Managing Liability (the NEED FOR CONTRACTS)

'Relevant Points'

  1. Contract or NOT. Much of the EU regulation and law expect an IDP and SP to sign a bilateral contract, and that this contract would address the sharing and handling of user attributes, and which party assumes which aspects of liability. When a contracts exists, it should help to clarify all of these issues. However, it is extremely rare to find research and collaboration situations where a contract has been signed between the two parties. In some cases, one of the parties may not be a legal entity. In these situations, clearly, there is no clarity.
Mikael:I’m not sure if this is a too strong statement. If the IdP is a data 
controller and SP a data processor (“processes personal data on 
behalf of the IdP”), this is true. Otherwise, it is unclear. For 
sharing liability,  contract is necessary, but otherwise… 
Andrew may have an opinion here.
Andrew: See http://www.ico.gov.uk/for_organisations/data_protection/the_guide/principle_1.aspx 
"A decision to share personal data with another organisation does not take away your duty to treat
individuals fairly. So before sharing personal data, you should consider carefully what the recipient
will do with it, and what the effect on individuals is likely to be. It is good practice to obtain an
assurance about this, for example in the form of a written contract."
  1. Commercial SP vs non-commercial. Obviously, this is related to the contract issue. In most cases commercial SPs will require contracts before offering services. There are exceptions, however (eg DreamSpark). Commercial SPs can go bankrupt, in which case the bankruptcy lawyer might consider a collection of PII attributes to be an asset that could be sold.
Mikael: I doubt this can be easily done in EU… 
Personal data is collected to a specific purpose, 
and can't be further processed to a purpose which is
conflicting with the original purpose.
  1. There are actually two different risks in attribute sharing situations:
    1. Regulatory Risk. An appropriate contract *can* remove the risk of regulatory action. Some regulators are likely to consider that some kinds of PII should not be disclosed unless there's a contract between the parties. In this case there's a risk that the regulator will fine the IDP for an unlawful disclosure, or order that the disclosure stop until there is a contract.
    2. Harm to Users.
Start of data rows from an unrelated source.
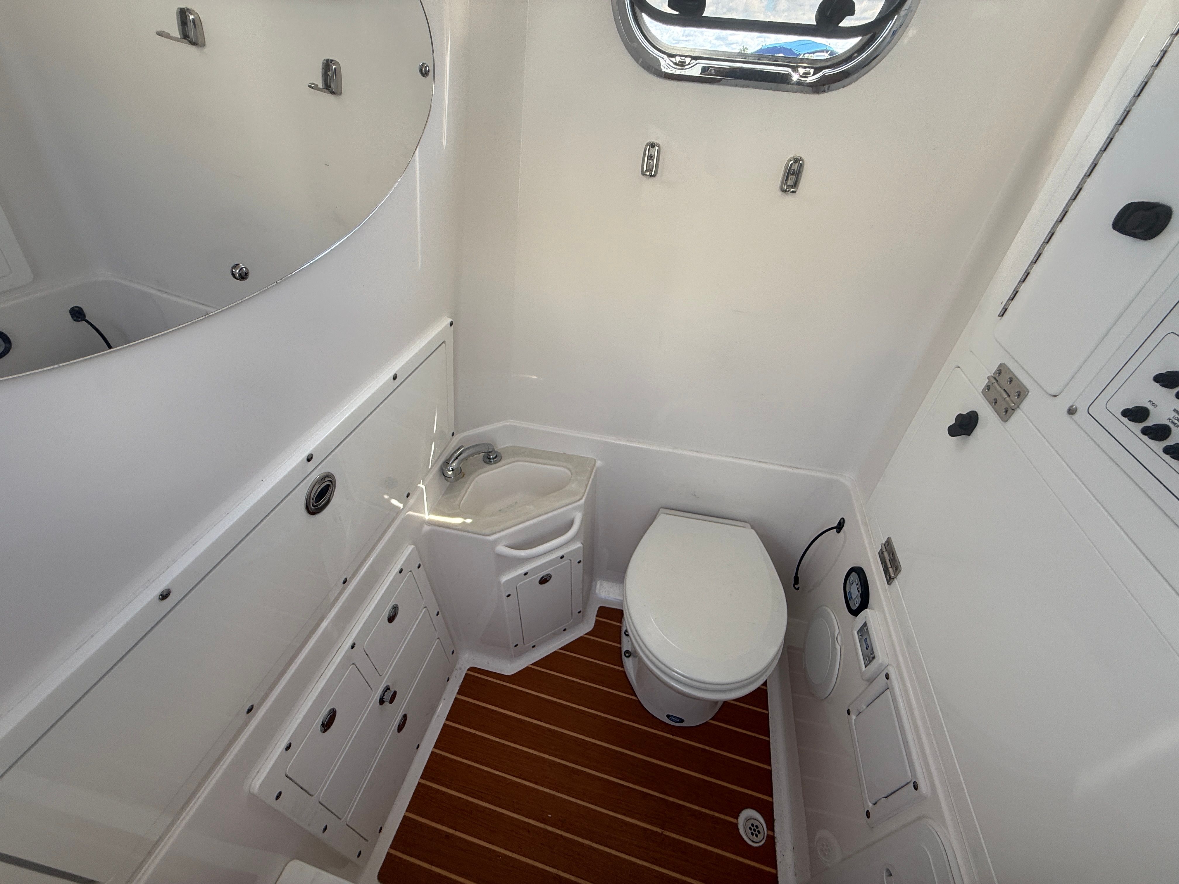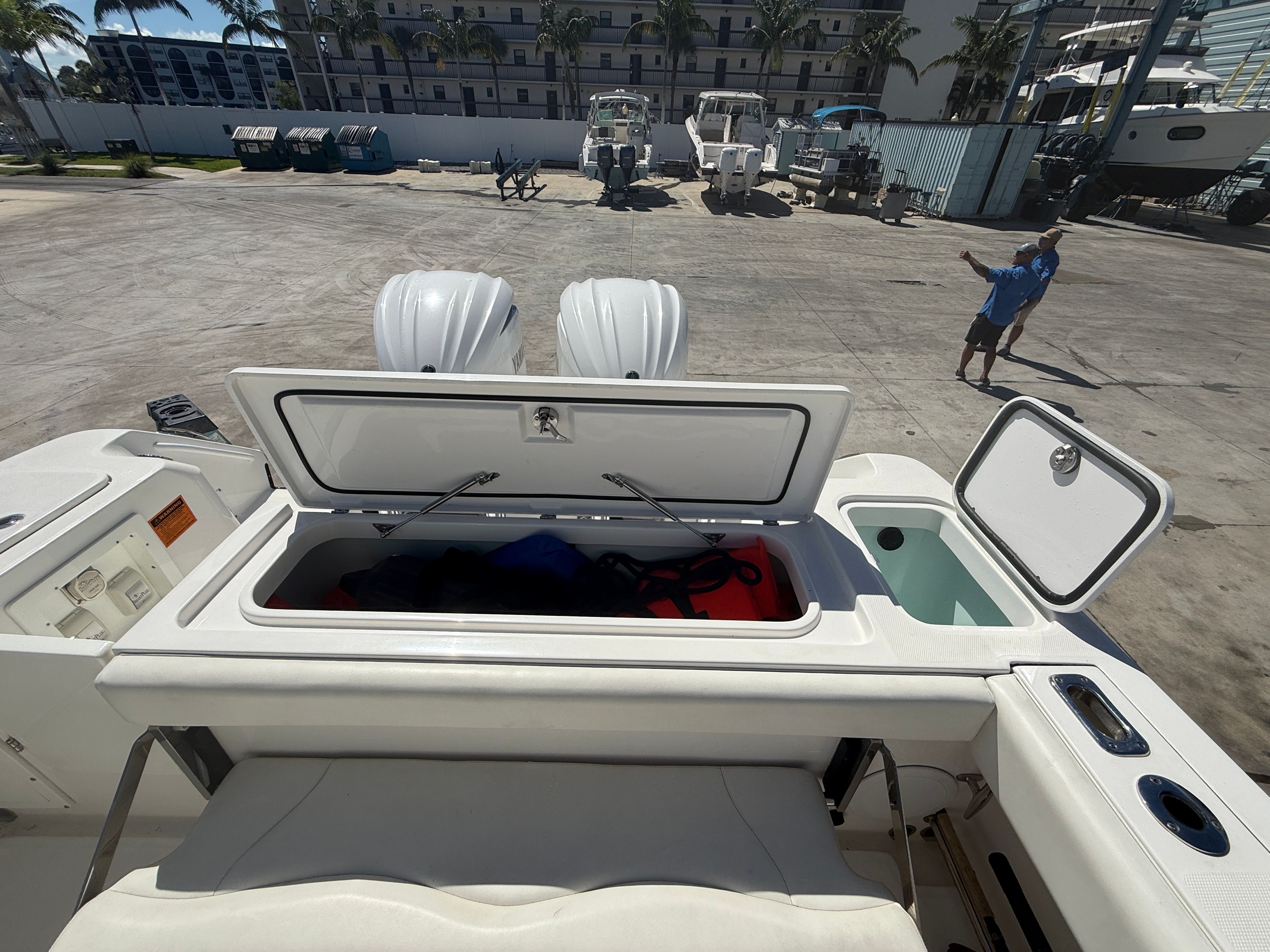 Powering this Edgewater 325 CC are twin engines, delivering a combined 600 horsepower for exhilarating speed and responsive handling. With two engines, you’ll enjoy enhanced maneuverability, reliability, and the confidence to tackle both calm bays and choppy offshore waters. The 600 horsepower ensures that this Center Console boat for sale is more than capable of reaching your favorite fishing spots quickly or enjoying high-speed runs along the coastline. With only 180 engine hours, these motors have plenty of life left, offering peace of mind and dependable performance for years to come.
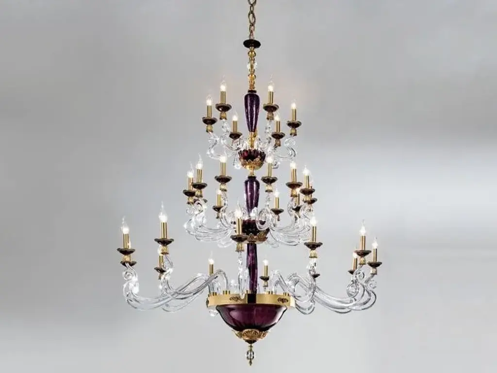 Metal finish: gold satin - silver satin.Colours: transparent. On request transparent with amber - ruby and amethyst plates and cup.Particular: embellished with Swarovski® crystals and sphere.On request LUX version with Crystal or Swarovski® crystals pendants under the arms.
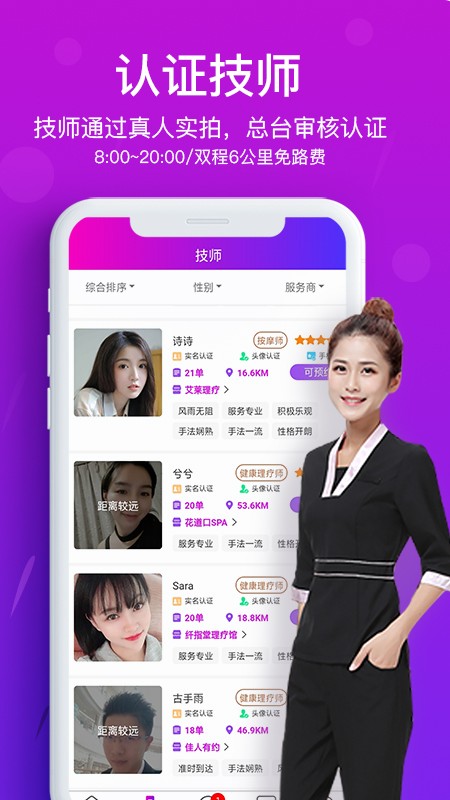 花都上门按摩服务款专业上门按摩类型手机app是为各位用户提供非常方便的上门按摩功能服务的软件,通过该软件我们可以直接选择到最合适的按摩服务。预约之后即可获取上门按摩体验!超多专业的按摩人员等待大家前去了解与挑选,感兴趣的朋友不妨速速下载吧
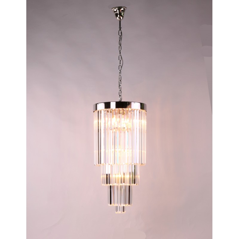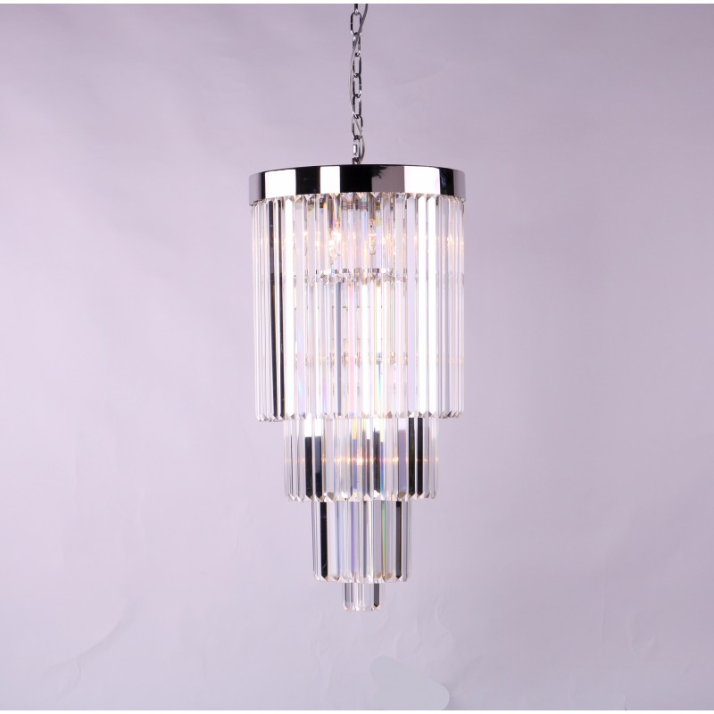 Meld the finest of fixtures into your space effortlessly with this wonderful contemporary, round chandelier that is embellished flawlessly with clear, baguette style crystals on each side. The fusion of the fixture's modern shape, blend of elegant crystals and polished finish place this piece into a very, smooth, luxurious category of its own. This fixture features 3 floors of gorgeously high-quality crystals and is sure to look amazing in nearly any room, venue or other location. Also available in other finishes such as a polished and brushed gold, brass, nickel, black nickel, and copper. Offering the ultimate in versatility. Made to a world class standard. Because our lightings are made by a workforce that still relies on traditional working methods, each product is unique and carries with it sensitivity of the artisan. Attract attention, provoke emotion to what the imagination with games of light and matter, such as the ambition and the creative spark of existing elements of the space.

If the release of attributes causes harm to a person then they can sue the IDP, possibly even if the harm is the SP's fault. Potentially, a contract between the IDP and the SP could transfer this risk from the IDP to the SP (e.g. who bears the cost of the court case and paying the damages). Without a contract, the IDP alone bears this risk. Presumably, before signing such a contract, the SP needs to have both a reason to accept the risk and some ability to control the level of risk it is accepting.
  2. The EU Data Privacy Guidelines define two other Roles in the attribute release process: data controllers and data processors. Originally the distinction was straightforward: controllers had independence in choosing how personal data were used, processors didn't as they only did what they were told by the controller. But various types of joint and sub-contracted activity are organized in ways that do not neatly fit that model. The latest Article 29 WP guidance [1] takes 35 pages to try to provide clear explanations. Some Member States (like Finland) don't use the concept of processor at all.

'Recommendations'

  1. If there is a contract, then the IDP should ensure that the contract address all of the liability issues.
  2. If there is no contract, then the IDP should identify approaches to lower the risk.
    1. (Mikael) article 17 introduces the idea that the measures to protect PII are lower for low-risk-attributes:
Article 17. Security of processing.
1. Member States shall provide that the controller must implement appropriate *technical 
and organizational* measures to protect personal data against accidental or unlawful 
destruction or accidental loss, alteration, unauthorized disclosure or access, in 
particular where the processing involves the transmission of data over a network, 
and against all other unlawful forms of processing.
Having regard to the state of the art and the cost of their implementation, such measures 
shall ensure a level of *security appropriate to the risks* represented by the processing 
and the nature of the data to be protected.
    1. When there is no contract, then it's up to the IdP's risk appetite - the regulations assume that each IDP will assess the risk with each SP. In the absence of any additional information, suggestions, or hints, it is reasonable to assume that a group of IDPs will produce a variety of answers. One problem with this approach is that it is not scaleable -- it is extremely unlikely that every IDP would be able to assess every SP. The problem for SPs in this environment is that they cannot know how many IdPs are going to be willing to release, so will always have to cope with less than 100% coverage of its users.
    2. The Federation Participation Agreement, signed by all Federation members operating IDPs and SPs, addresses risk situations and imposes requirements on how SPs process and handle attributes [approach used by InCommon].
    1. The SP could provide a statement of practice to reassure some IdPs that the risk of disclosing PII was acceptably low. However, the law that the regulator will be concerned about talks about a "contract *between* the parties", not a declaration by one of them.
    2. The French Federation has created a process where the Federation investigates each SP and places them into categories; in addition, the Federation developed for each SP a recommended set of attributes to be released. Thw IDP can then decide whether or not to accept the Federation's recommendations. This approach doesn't cause the IDPs liability to disappear, but MAY result in an IDP being more comfortable releasing attributes.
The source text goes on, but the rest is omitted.